RBA Assistant-governor (Financial System) Malcolm Edey has today released a contribution to an international forum, Beyond Basel III, apparently being held in Sydney. (This suggests a new Star Wars epic and, when one learns Basel III will take 8 years to introduce, and that Basel II failed to prevent the Global Financial Crisis, the analogy strengthens.)
Here is a link. http://www.rba.gov.au/speeches/2011/sp-ag-240311.html
I must however thank Malcolm Edey and his colleagues for such a crisp presentation of several matters covered in the ‘solution’ part of Great Crises of Capitalism.
Under the heading ‘what went wrong’ Edey says:
‘This isn’t the occasion to give a detailed account of what caused the financial crisis. But regulators around the world drew a number of important lessons from it:
•banking systems needed more capital, and better quality capital, to withstand losses;
•they needed to be made more robust to liquidity risk;
•loan underwriting standards needed to be improved;
•governance arrangements for banks and financial regulators needed to be improved;
•various forms of conflict of interest needed to be eliminated or better managed. Examples of that included the originate-and-distribute lending model that went seriously off-track in some countries, and the role of rating agencies in advising on structured securities. It also included badly structured remuneration practices in the industry;
•and there needed to be more scope for regulatory regimes to act against the build-up of financial excess.
He adds that ‘Not all of these are matters for the Basel Committee. There are a number of different international bodies working on these things in their different spheres of influence, including the G-20, the Financial Stability Board and the international insurance and securities regulators. But since this is a conference about Basel III, I’ll focus mainly on the work of the Basel Committee’.
One glaring omission is what is to be done about the culture of rampant greed and predatory attitude to customers that has flourished and is still alive and well. The movie Inside Job will provide a nice top up on this matter, and Great Crises provides comcrete suggestions.
Edey lists some recommendations to deal with the above list of causes and comments that ‘there is a lot of work coming from the international regulatory bodies that’s still to be completed. By that, I mean work that groups like the Basel Committee have started but not yet finished, and also areas where the Australian regulators have work to do in determining our response to the new international standards’.

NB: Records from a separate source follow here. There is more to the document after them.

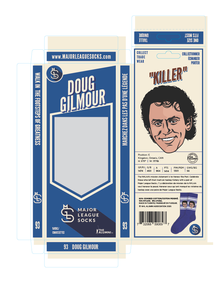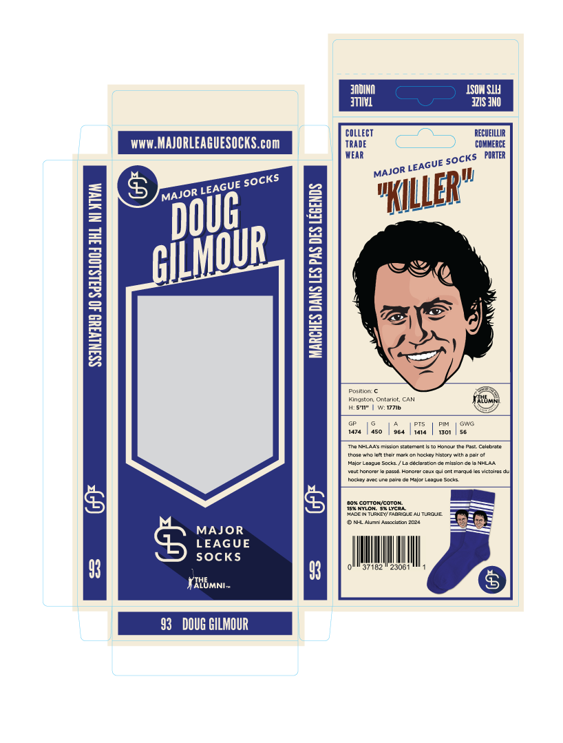 An absolute warrior on the ice. Dougie was at one point the best player in the world, Don Cherry proved it with a kiss on the check. Add hockey history to your top drawer with this "Killer" pair of socks.
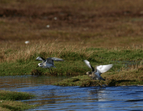 Suddenly the Sanderling and Buff-breast took flight. The startling white underwing is used in display where the wings are raised one at a time.
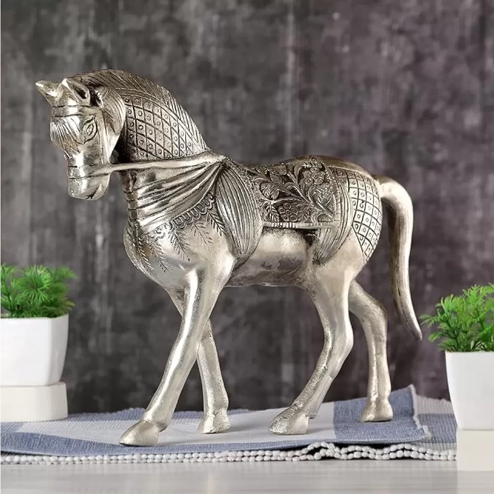 Crafted from fine quality of aluminum this horse showpiece reflects the artistic brilliance and adds elegance to your home study room office. This representation of the almighty will bring tranquility to your home.
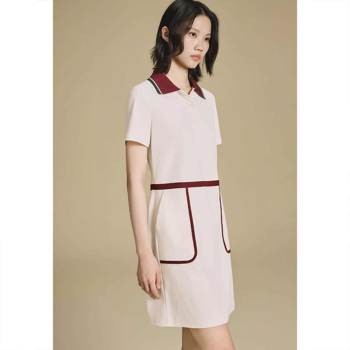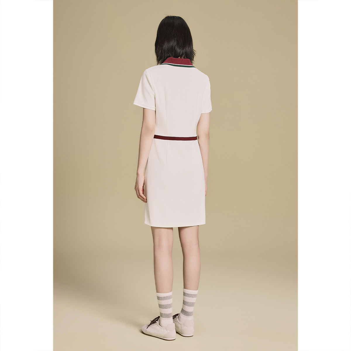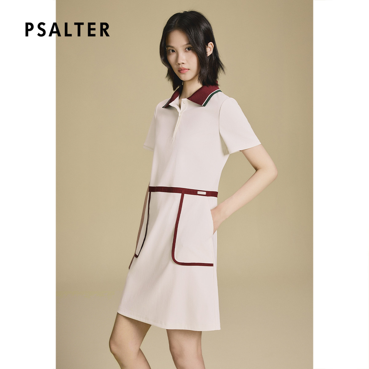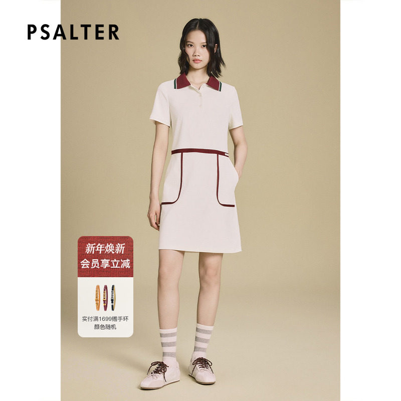 PSALTER诗篇复古运动风三醋酯H型撞色连衣裙2025秋季新款

He also notes that the Basel II ‘reforms’ introduced in 2008 failed to prevent the Global Financial Crisis. I have yet to hear of one regulator who lost his job because of this, but I guess job security is what global econocrats mainly play for.
Remaining matters discussed in some detail include ‘The Liquidity Standard’, ‘The Counter-cyclical Capital Buffer’, ‘Systemically Important Banks’, ‘Is There Too Much Internationalisation?’ and ‘Supervision and Lending Standards’.
Mr Edey’s ‘Endpiece’ touches on the RBA’s Financial Stability Report released today. (Here is a link
http://www.rba.gov.au/publications/fsr/index.html)
In summary, and acknowledging the various recent adverse events and ongoing risks and uncertainties: ‘Australian banks are in good shape, and they came through the crisis profitable and well capitalised. They have strengthened their liquidity positions and their use of deposit funding. Australian businesses have reduced their gearing. Households have raised their saving rates.
Looking ahead: ‘… it seems unlikely that we’ll be going back to the days of consistent double-digit growth in credit that we saw in the pre-crisis years. That growth was driven in part by factors that can’t be repeated – the deregulation of the financial system in the 1980s, and the transition to low inflation in the 1990s. In the post-crisis environment, borrowers and investors are more cautious than they were, both at home and abroad. That’s likely to mean less demand for leverage and less growth in private balance sheets, even when the economy itself is growing strongly. If those trends continue, I think it will be good for financial stability, but it will also mean that our lending institutions have to get used to lower rates of expansion than were typical in the pre-crisis years’.
No doubt there will be more prudent behaviour by most individuals, companies and banks in the next few years, perhaps even for a decade or two – allowing the new rules to be cemented in place.
But the lesson of history is that unsustainable booms recur, and in the past thirty or forty years asset booms and busts have been occurring more often and with greater volatility.
What a pity that our international econocrats have not (so far as we know) squarly faced the issue of the poor culture that is a prime cause of this dangerous and repetitive set of events.